Operation choke point 2.0
The Reserve Trust episode only exacerbated concerns that many lawmakers had been expressing over the Fed’s failure to grant master accounts to novel banks, like Four Corners Bank, a Colorado institution that was started in order to serve the needs of cannabis businesses after the state legalized recreational use in 2012.
National banks have long refused to serve cannabis businesses in states where the substance is legal to use, given that it remains illicit at the federal level, saying that banking services for those who traffic in marijuana would violate anti-money-laundering laws.
It’s the cryptocurrency industry, however, that some believe is driving the Fed’s increasing reluctance to offer master accounts to state-chartered institutions.
Caitlin Long, the founder and CEO of Custodia, a recently opened Wyoming depository institution that offers bitcoin and ether custody and dollar payment services, first applied for a Fed master account in 2020. The application was denied in January.
Long told MarketWatch that, like Danenberg, she felt her company was making progress with the Fed in its application and that she was “blindsided” by the denial of the account.
In its lawsuit against the Fed, Custodia describes the denial as a “coordinated maneuver orchestrated by the [Fed] Board in consultation with the White House,” in a political climate that had become increasingly anti-crypto following the failure of cryptocurrency exchange FTX.
Nic Carter, a general partner at the crypto-investment company Castle Island Adventures, believes that the federal government is broadly cracking down on the crypto industry through regulatory measures that he calls “Operation Choke Point 2.0,” referencing the Obama-era scandal over banking regulators’ moves against the payday-lending industry.
“There’s a distinct policy at the federal level to marginalize the crypto space and limit its access to the financial system,” Carter told MarketWatch, adding that companies in the industry struggle to get access to basic banking services, a trend that has only worsened since the failure of two banks associated with the crypto industry earlier this year: Silvergate and Signature Bank of New York.

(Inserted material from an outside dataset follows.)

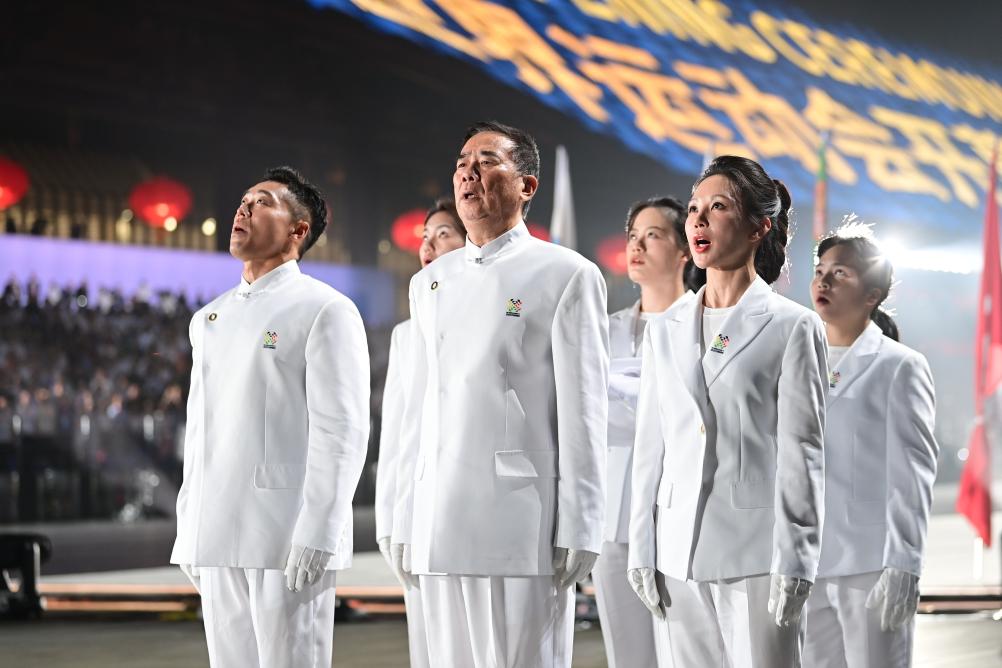 8月7日,孙志安(左三)、刘清漪(右一)和其他国际世界运动会协会会旗执旗手在开幕式上唱国歌。新华社记者 江汉 摄

The Biden administration’s turn against the crypto industry has been anything but subtle. As recently as last May, industry insiders were optimistic that a Biden executive order on digital assets that touted the “potential benefits of digital assets and their underlying technology” was a signal that the White House would take a balanced approach to crypto.
But since that time, the Treasury Department has sanctioned Tornado Cash, a decentralized finance, or DeFi, protocol that enables users to obfuscate transactions on the Ethereum blockchain, and in April, it published an exhaustive report on the threats DeFi poses to efforts to combat money laundering and funding of illicit activities.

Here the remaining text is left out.